XLIX Até hoje são ouvidos Os gritos dos enforcados Nos silvos amargurados Dos ventos compadecidos Uivando sobre os sobrados.
no vapubaçu L Tantos anos já passados E nada de verdes gemas A encimar novos diademas…! Tantos já desanimados A ponderar seus dilemas…!

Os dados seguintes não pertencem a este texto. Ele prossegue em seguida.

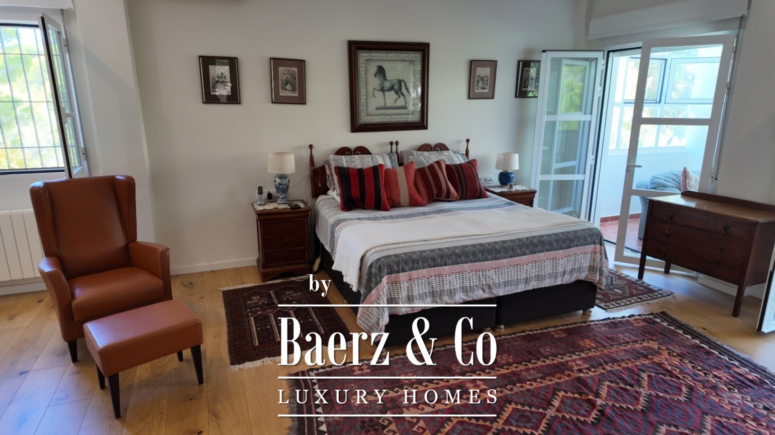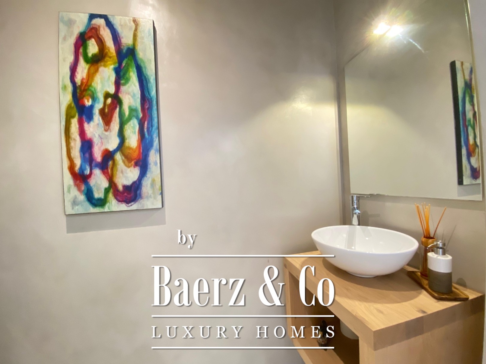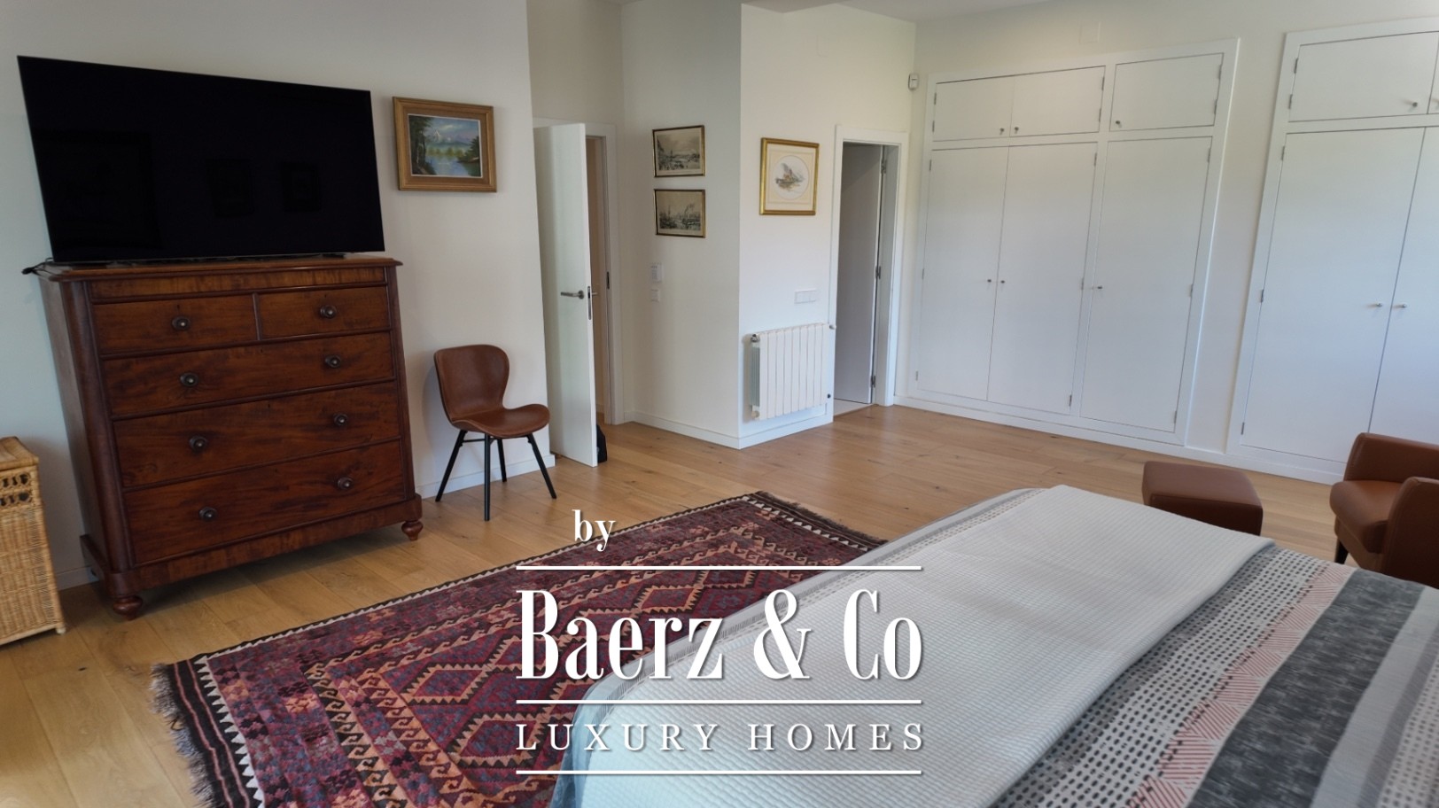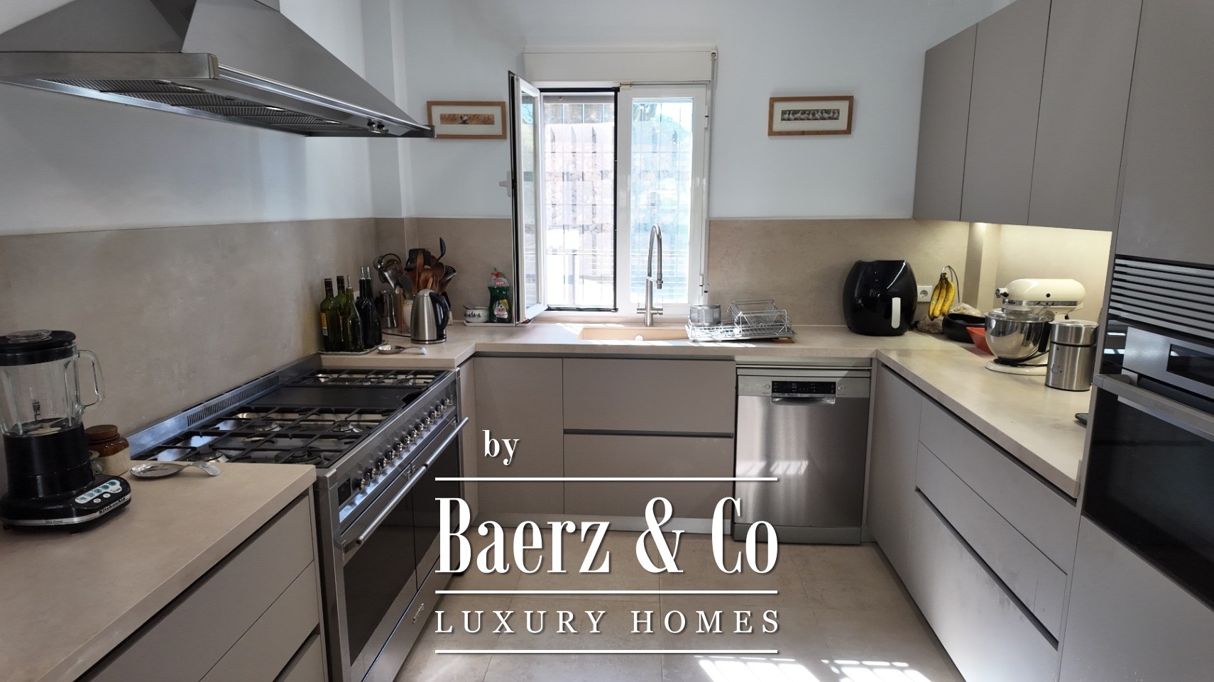 Landscaped grounds are designed for effortless enjoyment, featuring a saltwater pool with pre-installed heating, spacious terraces, and a fully equipped summer kitchen. A double garage, air conditioning, central gas heating, solar panels with batteries, Scandinavian oak flooring, security features, and water softening systems contribute to both comfort and efficiency.

LI Tantas vontades supremas A medir forças em vão Pelo poder d’este chão…! Além das serras extremas S’encontram na escuridão,
LII Na imensidão do sertão, Maior o homem quando grande O seu legado ele expande Acima da compreensão Ou por mais longe que se ande.
LIII Bem obedeça a quem mande Quando em seu nome governe. A sorte lançada alterne Diante da espada que brande Contra a ilusão que discerne.
LIV Quantas palavras externe Pouco dirão, em verdade, Da imensa tenacidade Para se chegar ao cerne Onde a nacionalidade.
LV Mas a lagoa e a novidade Das serras resplandecentes Como esperados presentes Chegam à velha cidade Em pedrinhas reluzentes.
LVI Em São Paulo, seus ausentes São afinal celebrados. Para o Reino despachados Tão verdes que transparentes Os cristais lá encontrados.
LVII Mas, apesar dos achados Pela afamada bandeira, Na jornada derradeira Cai sem devidos cuidados De febre e de tremedeira.
LVIII Sem embargo, brasileira Essa terra se agiganta. A cada sol que levanta Outra esperança mineira Em verdes pedras encanta.
LIX Não esmeraldas decanta, Sim esguias turmalinas… Ignoram das gemas finas A natureza mais santa Do brilho em suas retinas.
LX Porém já defunto em Minas O velho Governador… Morre sem saber valor Menor das cristalinas Pedras em seu desfavor.
LXI Não obstante, o explorador D’estas terras alterosas Ascende com poderosas Luzes sobre o altar maior Pelas façanhas famosas.
LXII Já não restem duvidosas Para o Panteão Brasileiro As conquistas do primeiro, Cantado em versos e prosas, Senhor d’esse chão mineiro!
nas minas gerais LXIII Hoje caminha sendeiro Logo ao raiar madrugadas Por sobre as suas pegadas Os pés d’esse povo inteiro Havendo em seu trilho estradas.
LXIV Hoje trafegam pesadas Dos mais valiosos minérios Mesmo em climas deletérios As tropas motorizadas Onde antes apenas mistérios.
LXV Seguem os seus desidérios ‘Inda a cortar os Gerais As estradas principais Seguindo os mesmos critérios: Serras e vales iguais.
LXVI Sobre os sertões naturais Prosperam suas cidades Ciosas das liberdades Conquistadas de fatais Tiranos sem qualidades.
LXVII Mas mais justas sociedades Cresçam com o seu legado. Tenham do heroico passado Luz às novas realidades Que o povo tem enfrentado.
LXVIII E seja sempre lembrado Seu nome de fundador Diante do imenso valor De seu sacrifício honrado E sonhos de vencedor.
epílogo LXIX O grande governador, Celebrado em sua glória, Pelas páginas da História Ensine em nosso favor A verdadeira vitória.
LXX Visto tão mais meritória Enquanto com persistência Superar toda a indolência. Deixar, de feliz memória, O valor da experiência.
LXXI Ter força e também paciência Para sem mais privilégio Servir ao pedido régio De pôr sua competência Em favor d’um bem egrégio.
LXXII Cantem em grão florilégio Esses versos, afinal, O seu feito sem igual Pelo pátio do Colégio Da paulista capital.
LXXIII Então do achamento real Venham de novo lembrar-se Como afirmara ao final: —“É coisa que em Portugal Com certeza há-de estimar-se...”! *
Betim - 17 06 2022
Fernão Dias, em carta datada de 27 de março de 1681: "Deixo abertas cavas de esmeraldas no mesmo morro donde as levou Marcos de Azeredo, já defunto, coisa que há de estimar-se em Portugal."